A Financial Mentor Request
I saw a coworker the other day
She made an unexpected financial mentor request to help her son get started with investing.
I don't usually come out from my lair at work. I'm too busy controlling the world with my privilege most days but on this day I had a visitor. She's around my same age and has my same position in our Union Manufacturing Factory. I'm pretty friendly with most people around this joint and especially the ones I've worked closely with in the past.
A few years ago I had to train this woman to replace me in my job so we worked a lot of 12 hour shifts together. You tend to learn about your coworkers working those long hours and if you don't work life can be a series of very long days without some chatting.
Kathy had initially stopped by to ask a question about some union business but that turned out to be nothing and we were just bullshitting and talking about life and family for a few minutes. I was asking about her family and I knew her son was a relatively recent high school graduate who wasn't on the college track, at least right away. She told me he was working and the job was pretty good. At the same time I was slapping together some stats for a blog post about the Smidlap Misguided Portfolio of Individual Stocks. The ticker symbol is SMPIS. Don't you think that's funny? I could barely contain myself when I typed that humorous sarcasm! I happened to mention that if she ever wanted to know about any of this stuff I do a lot of finance related reading and writing as a hobby. I think she knew because she came to me last year with some questions about changing state tax withholding or some such.
She had mentioned her boy had this new job that was pretty good with benefits and everything and he was still living at home.

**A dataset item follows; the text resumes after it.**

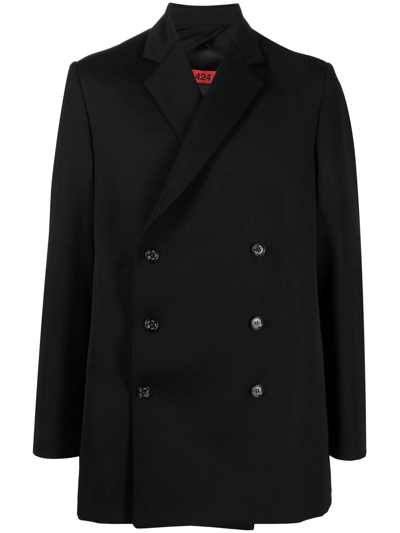 Double-breasted coat by 424 in black, characterized by double-breasted button closure, long sleeves.*Import tax/duty will be calculated at checkout (If applicable)

It sounds like the kid is just starting to figure out life a little bit and they don't mind him living at home for now. What she really was interested in was motivating him to save and invest for his future. I could have easily just pointed her to the Malevolent Missy Series and called it a day. Those are a series of posts about a young person just starting out and making their own money for the 1st time and some sound financial moves I wished I had made at that age. It's pretty basic personal finance stuff but I'm always surprised by how many people have never heard even the basics. Then she surprised me when she said "maybe you could talk to him, Freddy?" It took me a second to shake off that surprising suggestion/request. I told her that I would be happy to do so.
I'm thinking of showing him something like this one: Financial Independence From Working in a Factory? That was the one that illustrates the difference between Raging Reginald who eschewed college and started working right out of high school and Lucky Lucinda who got the fancy degree and the student loans and is smug at parties with all her fancy words like "actually" and "amazing." I'm think of something along the lines of a compound interest chart showing the growth of even $100/month if he never taps that money in a Roth IRA and how much that can grow over 20 years or more. I really want to emphasize consistency and just getting started for now. If the kid is anything like the average person he'll realize how well the simple system can work and will want to up the contributions as he matures and probably makes more money as time passes. We'll review his 401k options and make sure he's getting a match if that is available. That should be sufficient for now as a favor to a friend, don't you think?
Why did she ask me in particular? I think it's just because kids don't like to listen to their parents but an outside voice and lay out the same information and maybe get better results. I sure hope she follows up on this as it turns out I get pretty enthusiastic to help someone with something so simple. Anything else you think I should add? Has anyone ever asked you about help with relatively simple financial moves?
Oh, and I don't want to take any kind of pontificating tone. I think it's best to leave the bread crumbs as clues and let the person think they figured out what you wanted them to learn on their own! Have you ever had a financial mentor request to help out?

Would you let this fool talk to your kid about money?